:: Task ::
Leaving out the pictures, return each line of the entries from the first through the line with "Sayuri Designer Laskara", and only those lines.

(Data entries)
[Start of Attachment]

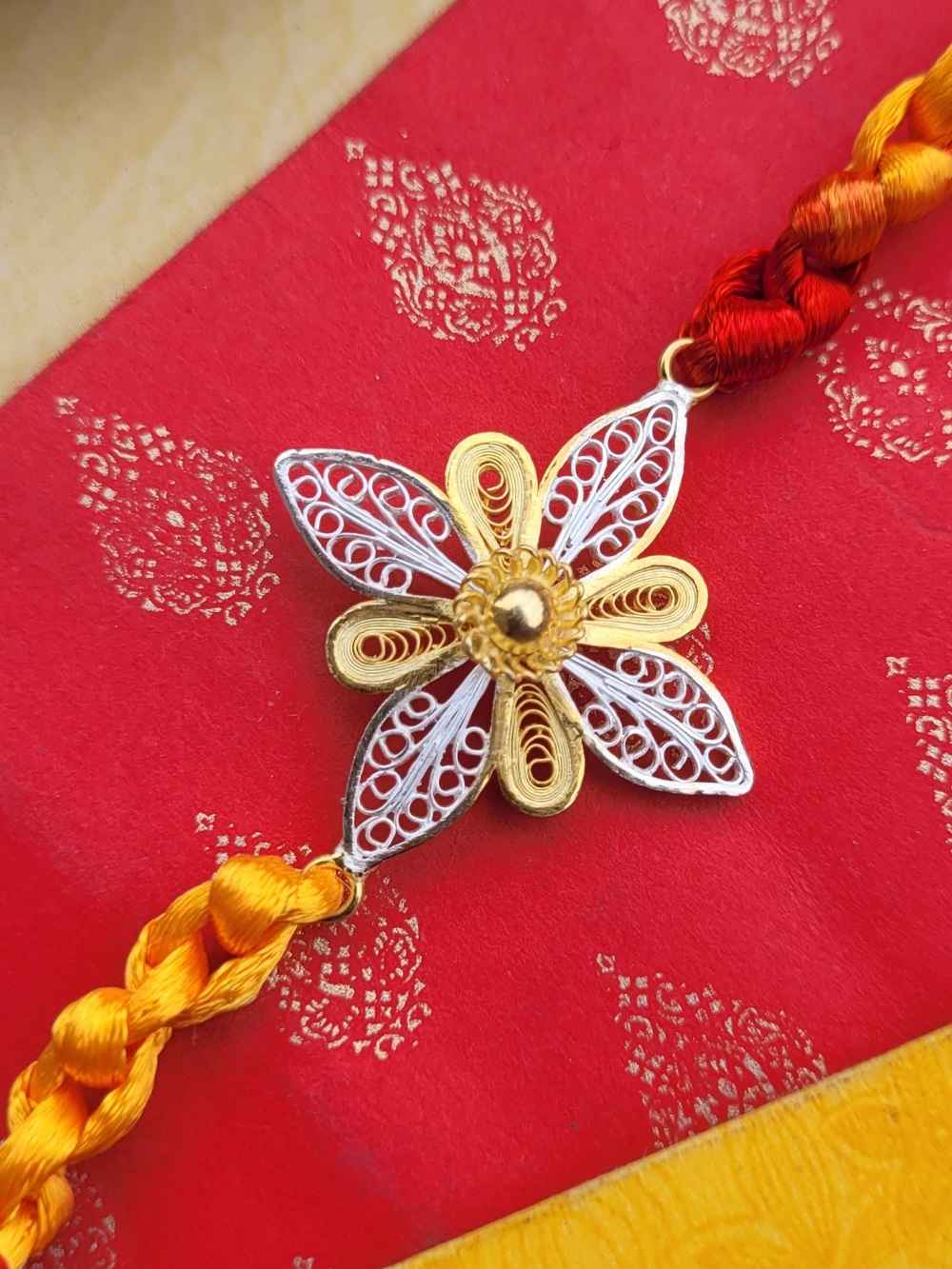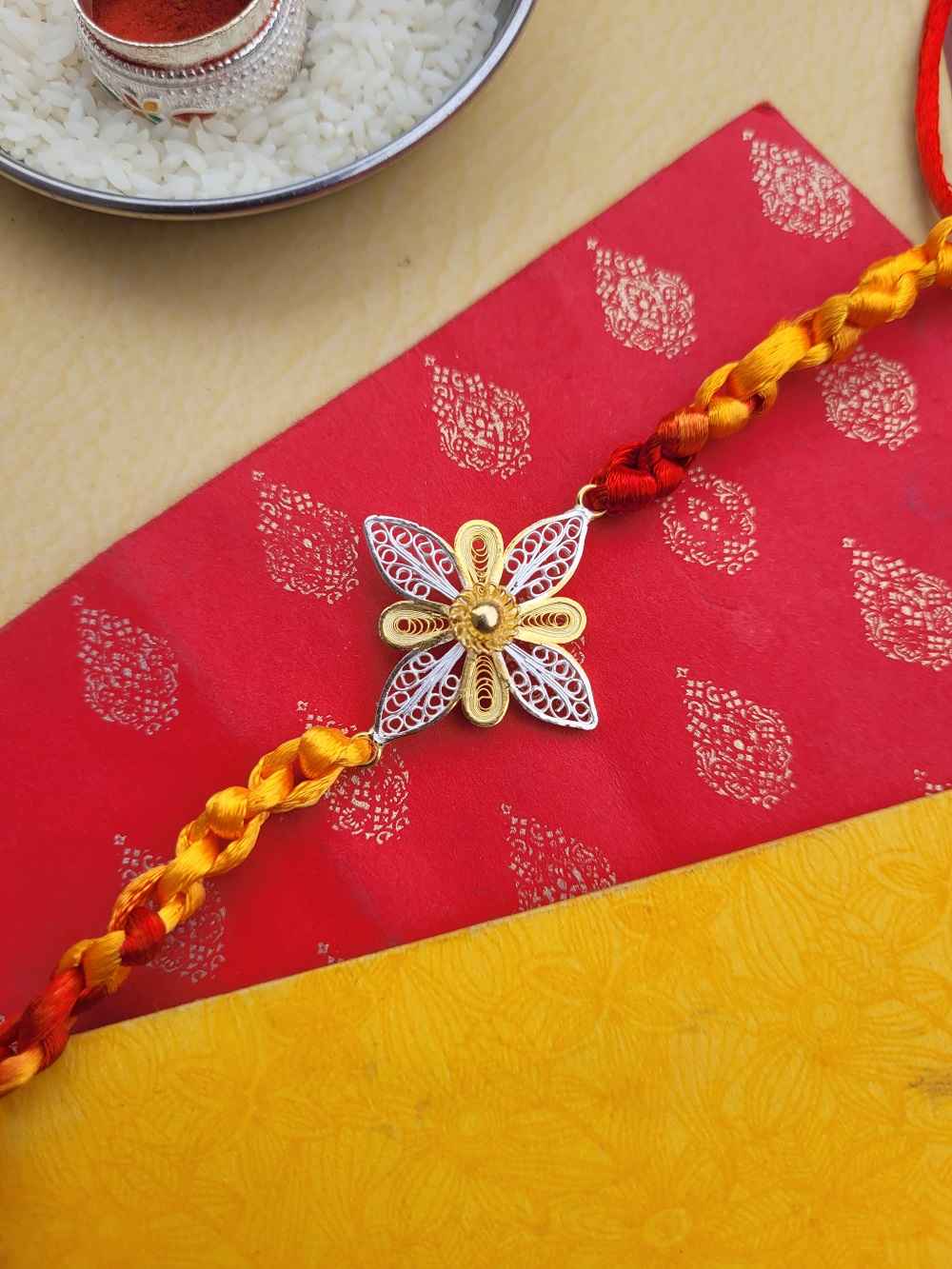 This Silver Rakhi, inspired by nature's petals, reflects the courage your brother gives you. The silver motif symbolizes his unwavering support.
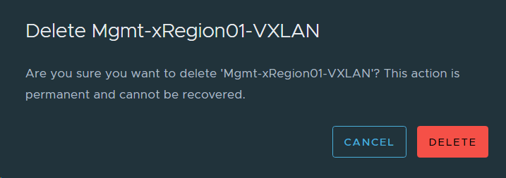 15. Deleted the existing Cross-Region Segment from the NSX-T Manager in VCF Instance 2 (OSL) since we will stretch the one deployed in VCF Instance 1 (BGO). The name in the image below contains “VXLAN”, but this name has stuck in the lab since VCF 3.x where NSX-V was used. It is in fact a regular NSX-T Overlay Segment.
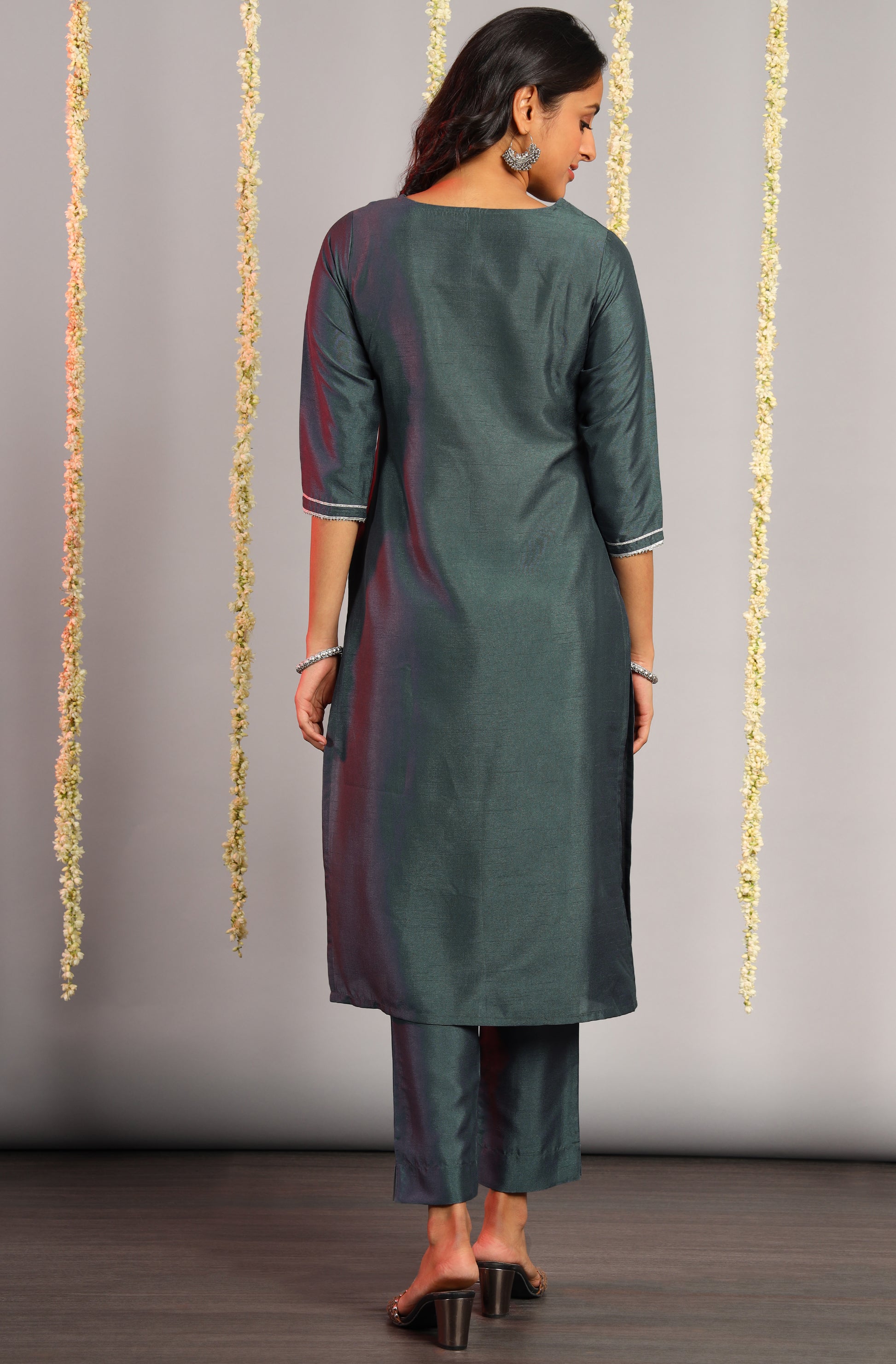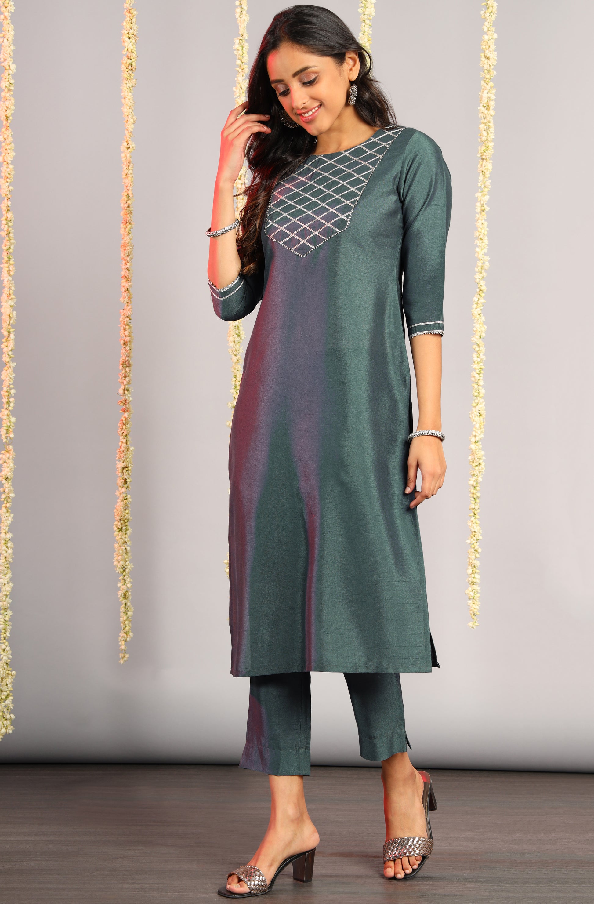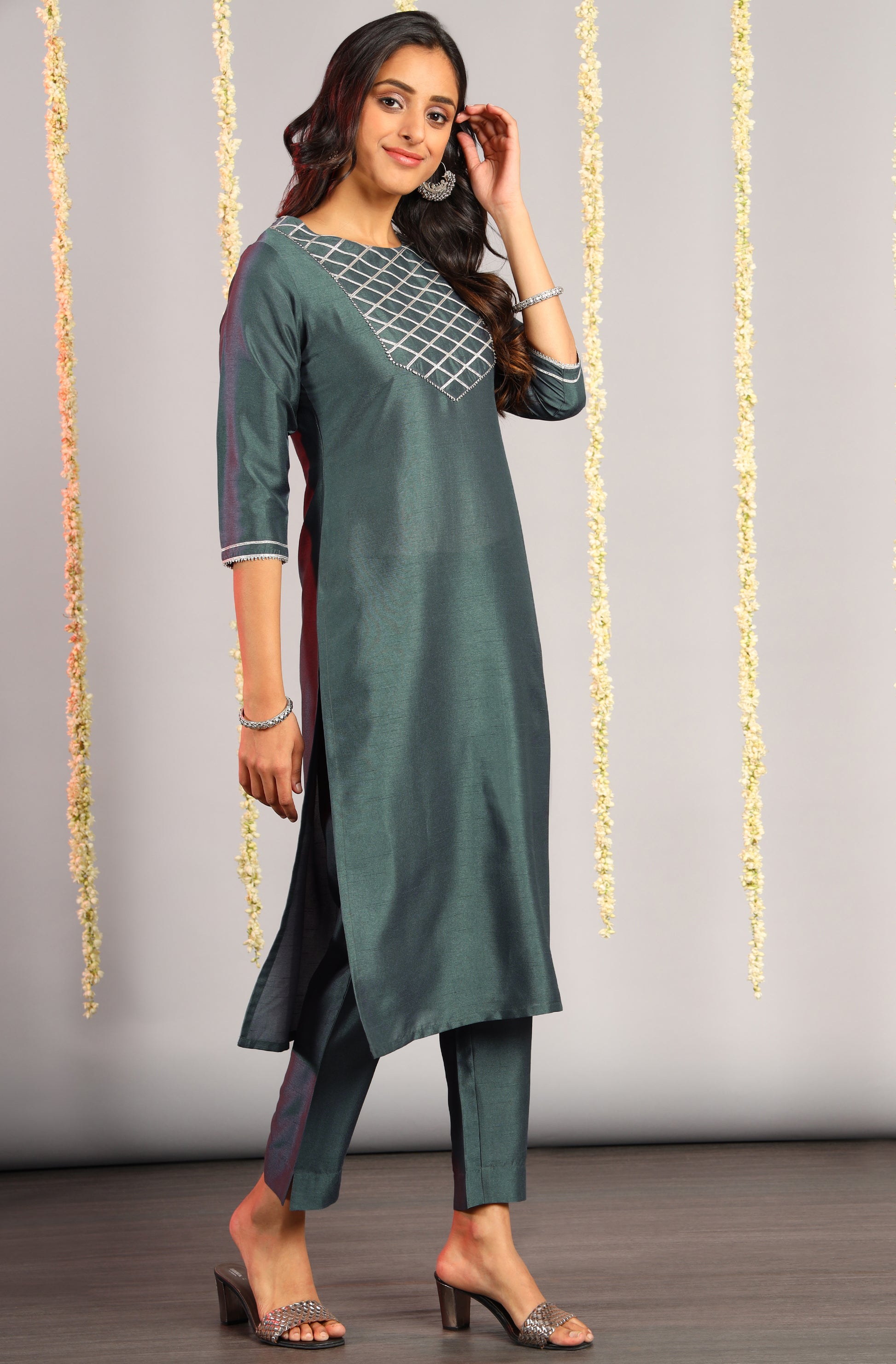 Grey Poly Silk Gotta Patti Yoke Design Kurti with Bottom Set
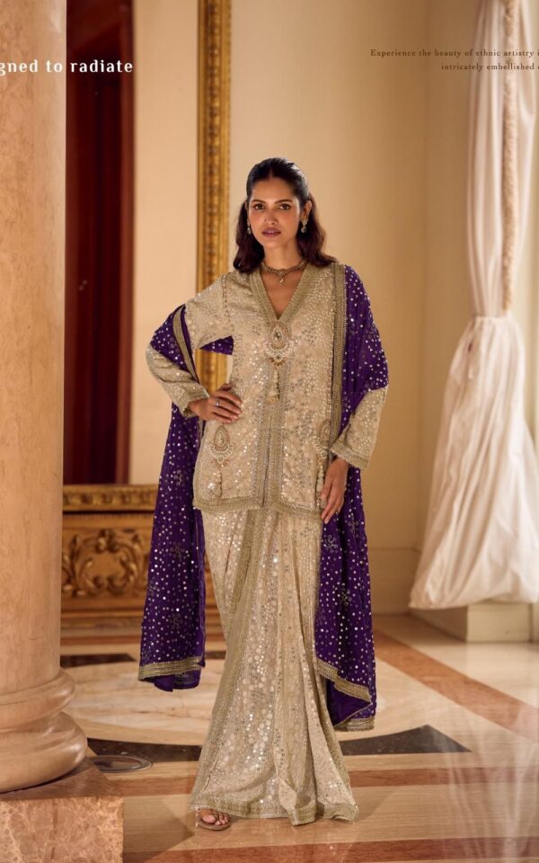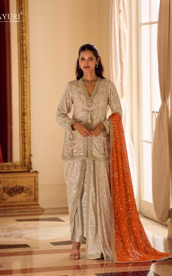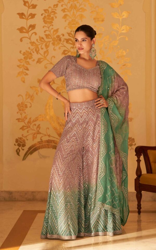 Sayuri Designer Laskara Seroski Zarkan Plazzo With Blouse And Dupatta
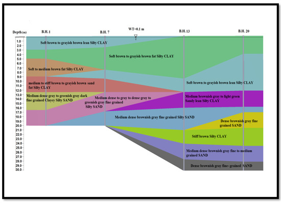 The main data were obtained from various engineering laboratories and geophysical exploration companies, where the data were collected from 69 boreholes drilled at different locations at the intended site at depths between 15 m and 45 m below the natural ground level (NGL), as shown in Figure 2. An example of the cross-sectional profile (for boreholes #1, #7, #13, and #20) of the site is plotted in Figure 3 to illustrate the different soil layers in the longitudinal and horizontal directions. One of the most common issues that geotechnical engineers face is the discontinuity of soil strata in the horizontal direction. On the basis of the results of the site investigation, the subsoils for the whole intended power plant site were mainly soft to medium close to the surface, strengthened with depth, to stiff with grayish and brownish colors; and sandy lean to fat silty clay with shiny spots of soluble salts and crystal pieces of silica minerals, black spots of organic materials together with white tiny marine shells, intervened by and overlying layers of medium-dense to very dense, with grayish and brownish visions in colors, fine- to medium-grained clayey silty sand with rusty spots of iron oxide compounds and black spots of organic matter.

[End of Attachment]

:: Task solution ::
 This Silver Rakhi, inspired by nature's petals, reflects the courage your brother gives you. The silver motif symbolizes his unwavering support.
 15. Deleted the existing Cross-Region Segment from the NSX-T Manager in VCF Instance 2 (OSL) since we will stretch the one deployed in VCF Instance 1 (BGO). The name in the image below contains “VXLAN”, but this name has stuck in the lab since VCF 3.x where NSX-V was used. It is in fact a regular NSX-T Overlay Segment.
 Grey Poly Silk Gotta Patti Yoke Design Kurti with Bottom Set
 Sayuri Designer Laskara Seroski Zarkan Plazzo With Blouse And Dupatta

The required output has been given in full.